İlk işin Ferahfeza’ydı o zaman, öyle değil mi?
Daha önceden oynadığım bir şey var. İzmir’deydim o zaman, 16 yaşındayken Kumdan Kale diye bir sinema filminde oynamıştım. Dokuz Eylül Üniversitesi’nin çektiği bir filmdi. Oğuz Makal’dı yönetmeni. Ayrıca okulda sinema bölümü öğrencisi arkadaşlarımın çektiği onlarca kısa filmde oynadım. Belki 20 tanesinde oynamışımdır, sayısını bilmiyorum bile. Ama profesyonel anlamda kamera karşısındaki ilk iş Elif Refiğ’in filmi Ferahfeza’ydı. O da kaç yıl oldu ya, 2011 miydi, 2012 miydi? Epey oldu.
Yani tiyatro aşkı olan biri için önemli bir şey olmalı İstanbul’a gelmek. Aslında o dönemi hatırlıyorum, Asmalımescit civarında Beyoğlu’nda adım başı tiyatro vardı, apartman tiyatroları vardı hatta. İlk geldiğinde neler hissediyordun peki? Senin için cennet gibi olmalı.
Tabii. Ben sekiz yaşından beri tiyatrodayım. Belediyenin açtığı kurslara yazıldım, öyle başladım. İzmir’de şöyle bir hikâyemiz var bizim; belediyeden o dönem atılan bir hocamız vardı. Onunla bir apartmanın zemin katındaki parkeci dükkânını sahneye çevirdik. Ben bunu yaşadığımda 10-12 yaşındaydım. Bütün tiyatronun inşaat sürecinin tamamında vardım. O serüvende, Bilimsel Tiyatro Atölyesi denen o tiyatroda neredeyse her oyunda görev alarak büyüdüm. Bana da onu yönettirmeye başladılar. Ondan sonra konservatuarı kazandım. Sahne olmayan yerlerde, buluntu mekânlarda nasıl oyun yapılır, çocukluğumdan idmanlıyım. İstanbul’a geldiğimde İzmir’de o dönem bir tek bizim olduğumuz şekilde birçok yapının olduğunu gördüm.

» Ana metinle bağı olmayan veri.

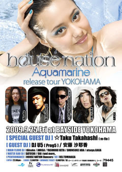参加者は最後まで必ず読んで下さい 今回で横浜housenationも早5回目 皆さんいつも参加ありがとうございます 今回は、ハードSリョータさんとオーガナイズさせていただきます http://mixi.jp/show_friend.pl?id=3107254 [house nation] HOUSE NATION Aquamarine release tour YOKOHAMA BAYSIDE YOKOHAMA 【住所】横浜市中区新山下3-4-19 【アクセス】みなとみらい線元町中華街駅B5出口より徒歩15分 【日時】2009.9.25.Fri OPEN 22:00 SPECIAL GUEST DJ:☆TakuTakahashi(m-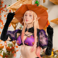 an elf costume, complete with ears and a tail. They are also dressed in lingerie that matches the elfin theme. The individual is sitting on what appears to be

Dediğin gibi, Asmalımescit civarında ne kadar çok tiyatro varmış.
Evet, çok iyiydi gerçekten.
İkinci Kat, Şermola, Altıdan Sonra Tiyatro, aşağı iniyorsun Kara Kutu, Dot… Oynama isteği geliyor insana. Sokak gümbür gümbür kalabalık, iki bira içen, “Bir oyun izleyelim,” diyor. Oyunlar kalabalık. Çok güzel bir atmosfere sahipti. Çok kıskanıyordum herkesi zaten hemen girdim bir yerlere. Oyun izledim, insanlarla tanıştım. Sonra bir oyun yapıp bir yerde oynamaya başladık hemen. Daha sonra da İkinci Kat ekibiyle tanışma şansım oldu, İkinci Kat’a girdim. O ara epey yerde oynadım. İstanbul’da işim bitip İzmir’e dönmem gerektiği zamanlarda yine buradaki oyunlarımı bırakmıyordum. İzmir’den otobüsle gelip oyunumu oynayıp dönüyordum.

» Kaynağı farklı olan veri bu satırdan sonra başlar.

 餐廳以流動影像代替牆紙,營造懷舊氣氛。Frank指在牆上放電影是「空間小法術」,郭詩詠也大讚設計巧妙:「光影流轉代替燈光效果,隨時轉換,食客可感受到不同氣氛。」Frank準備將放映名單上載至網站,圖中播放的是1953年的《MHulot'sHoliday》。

Tamamen taşınmamıştın yani öyle mi?
Tamamen taşınmamıştım. Ne yapacağımı bulamıyordum tam olarak. Çünkü İstanbul’da oyun yapmak istiyorum ama her şeyi biz yaptığımız için bir sürü sorun oluyordu. Mesela İzmir’den geliyordum, üç seyirci var. Kaç seyirci olduğu önemli değildir belki ama hem motivasyonun düşüyor hem de hiçbir şey kazanamıyorsun. Üzgün üzgün geri dönüyorsun. Masrafın tamamı da cebinden çıkmaya başlayınca çok büyük sorun olmaya başlıyordu. Öğrenciydik çünkü. Bu arada İzmir’de de tiyatro yapmaya başladım. O da sevdiğim bir oluşumdu ve öyle olunca, “Ben ne yapmalıyım, nerede kalmalıyım?” derken… Hayatım yollarda geçti. Sürekli gidip oynuyordum, dönüp oynuyordum. En son burada tamamen yerleşik bir oyuncu oldum yani. Şimdi şunu fark ediyorum gerçekten; İzmir’in çapı İstanbul’a göre maalesef küçük kalıyor. Tabii ki oradaki ekipler de sürekli çalışıyorlar ama İstanbul kadar geniş bir kitleye ulaşma şansın yok. Çalıştığın ekipler anlamında da yok. İzmir’deki ekipler birbirini tanıyor. İstanbul çok büyük, burada birçok oyuncuyla, yönetmenle çalışma, tanışma şansı insanı heyecanlandırıyordu.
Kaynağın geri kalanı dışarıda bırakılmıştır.